Having established the essential learning from the curriculum overview and the children’s gaps through our individualised assessment, we seek to put the children at the centre of their learning journey by empowering them to make choices. We embark on planning engaging and relevant experiences that empower the children to become learners. Specifically, we focus on enquiry skills and critical thinking to develop knowledge and skills so that children are able to become both collaborative and independent learners.
In EYFS, practitioners are adept at ensuring children’s interests are incorporated into the activities they provide in the continuous provision setting., and the children’s passions are harnessed to develop their own next steps in learning. By enabling children to learn through what they enjoy, the learning is more powerful, relevant and quickly embedded.
We aim to develop this throughout school by teaching the core skills of subjects through learning objectives rather than set outcomes:
In English for example, you may see children writing information texts but rather than a class full of duplicated newspaper reports, you may see a selection of information texts from leaflets to brochures to webpages and perhaps 1 or 2 newspaper reports because the focus of the learning objectives may have been – analyse text features, – list key features of an information text, – plan your key points, – plan the vocabulary, connectives, openers and punctuation, – write the text, – edit and improve your text. None of which stipulate ‘what’ to write but rather teach the process of writing and the skills to improve writing. This freedom of content enables children to write about their passions and interests whilst teachers maintain a focus on the key learning objectives.
Another example might be in Science where the focus is placed squarely in working scientifically. Children may be investigating friction on a ramp but the focus of the lesson is to learn about variables (a key vocabulary word children should be aware of in Form 1). One group may investigate the effect of the angle of the ramp, another the material of the ramp, another the weight of the car etc. etc. and so there may be several different experiments happening but the process is the same: identify the variables (input, output, those that must stay the same), write an aim, make a prediction, list the equipment, write the method, record the results, create a graph, draw a conclusion, write an evaluation. The process is the focus meaning that more learning can occur simultaneously and the outcome of all investigations shared.
Whilst we do not have typical lessons at St Martin’s, you will regularly see:
Reflection: children habitually return to their work to review it and respond to marking.
Investigation: question or tactile experience to introduce lessons by offering context and purpose.
Input: Our teachers are experts in their fields and give clear, concise explanations of key learning drawing on a range of materials and resources to demonstrate new concepts.
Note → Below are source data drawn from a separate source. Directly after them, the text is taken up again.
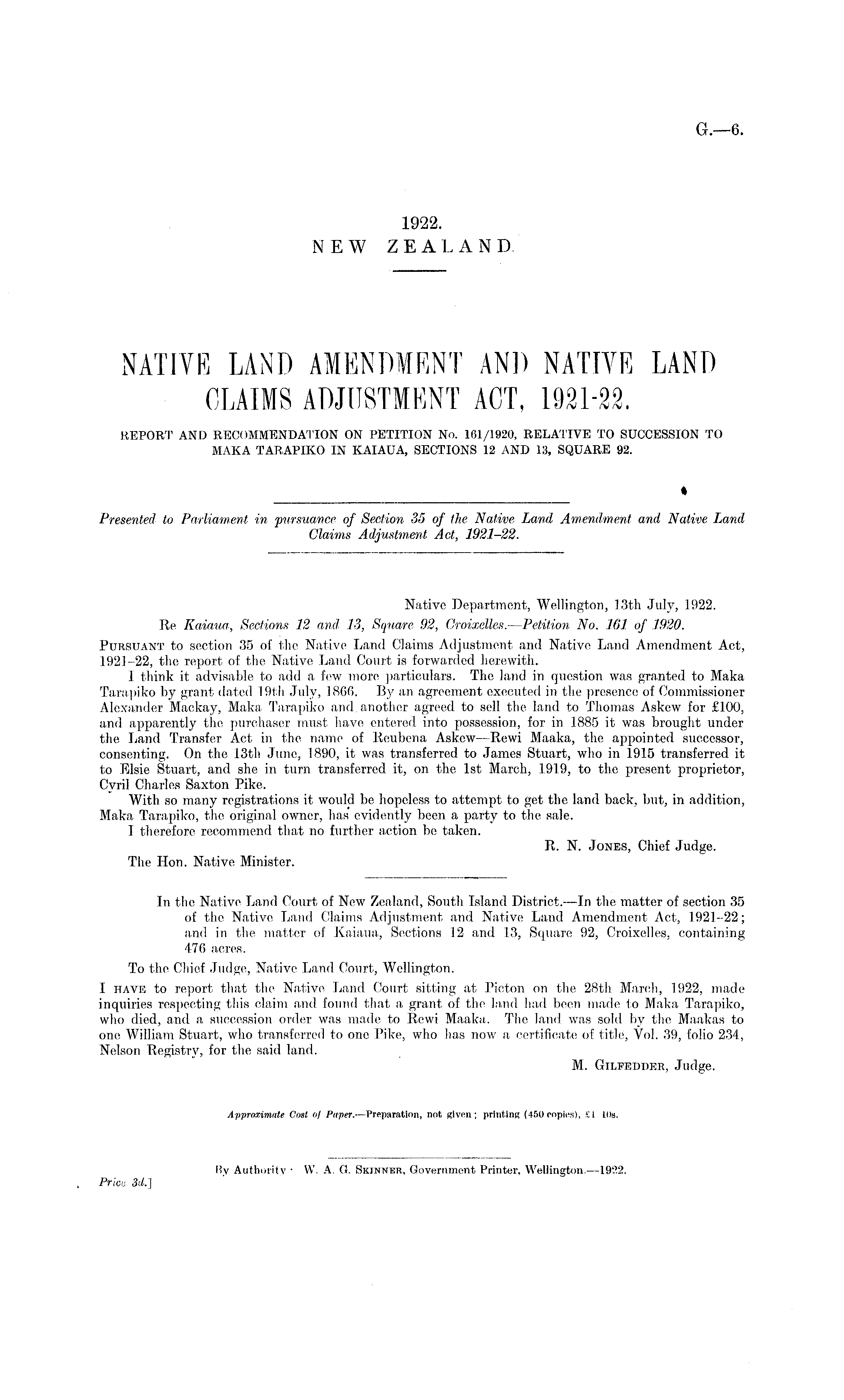 NATIVE LAND AMENDMENT AND NATIVE LAND CLAIMS ADJUSTMENT ACT, 1921-22. REPORT AND RECOMMENDATION ON PETITION No. 161/1920, RELATIVE TO SUCCESSION TO MAKA TARAPIKO IN KAIAUA, SECTIONS 12 AND 13, SQUARE 92.
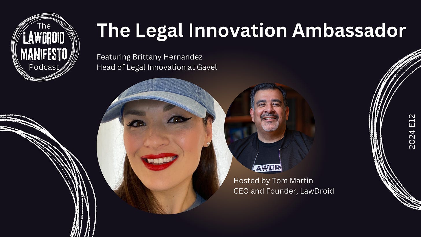 In this episode of LawDroid Manifesto, Tom Martin interviews Brittany Hernandez, head of legal innovation at Gavel. Brittany shares her fascinating journey from aspiring FBI agent to lawyer, military veteran, film school graduate, and now a leader in the legal technology industry. Throughout the conversation, Brittany emphasizes the importance of creativity, empathy, and embracing diverse life experiences to drive innovation in the legal profession.
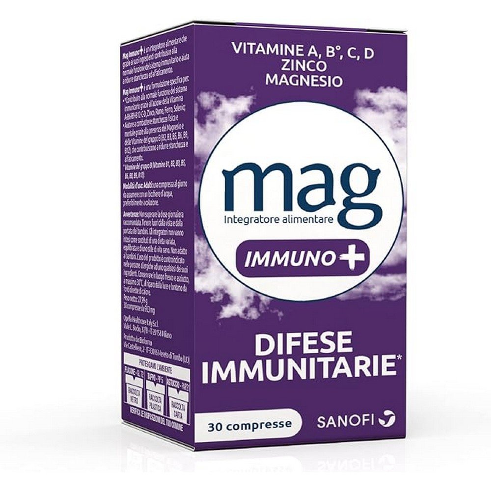 Mag Immuno+ is a supplement containing vitamins and minerals that support the immune defense thanks to 10 specific ingredients acting on the immune system: vitamin A, B6, B9, B12, C, D, zinc, iron, copper and selenium. Not suitable for children
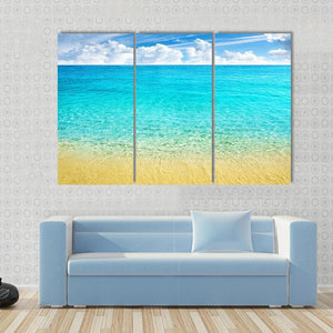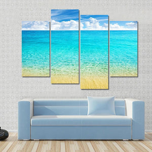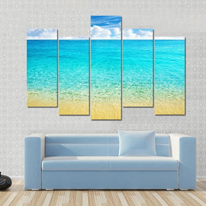 This canvas wall art captures a serene summer beach scene with clear turquoise waters and a vibrant sky dotted with clouds. The peaceful atmosphere invites you to relax and enjoy the beauty of nature, making it an ideal addition to coastal-themed decor.
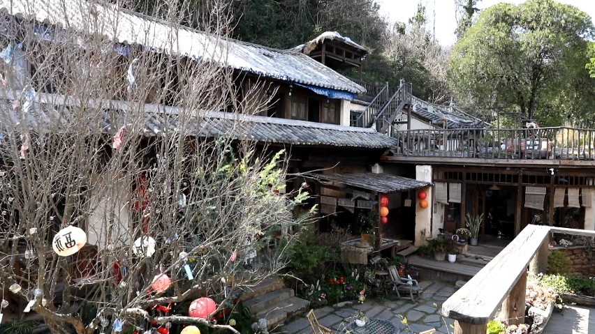 初春的午后,走进宁静古朴的凤阳邑有风小院,风铃声声声入耳。小院里, 游客们打卡“许红豆”同款的惬意慢生活。

Discussion: communication is a key skill throughout education and children are expected to offer their thoughts and ideas in most lessons.
Questioning: teachers expertly question the children to extend their learning at every opportunity.
Reasoning: Children are expected to explain how they reach an answer or belief.
Review: Children are taught to use commutative and inverse to check their calculations, models of colourful review for writing and PEE structures in reading from an early age.
Editing: Children are supported to edit and improve their work so the first attempt is rarely the finished submission, encouraging resilience.
Differentiation: through personalised target setting to ensure work is entirely appropriate to each child.
Our teachers are dedicated practitioners and experienced professionals. Our small classes ensure that every child is given considerable attention and individual care. Every child will be encouraged and helped to become the very best that they can be through thoughtful, supportive, expert teaching pedagogy.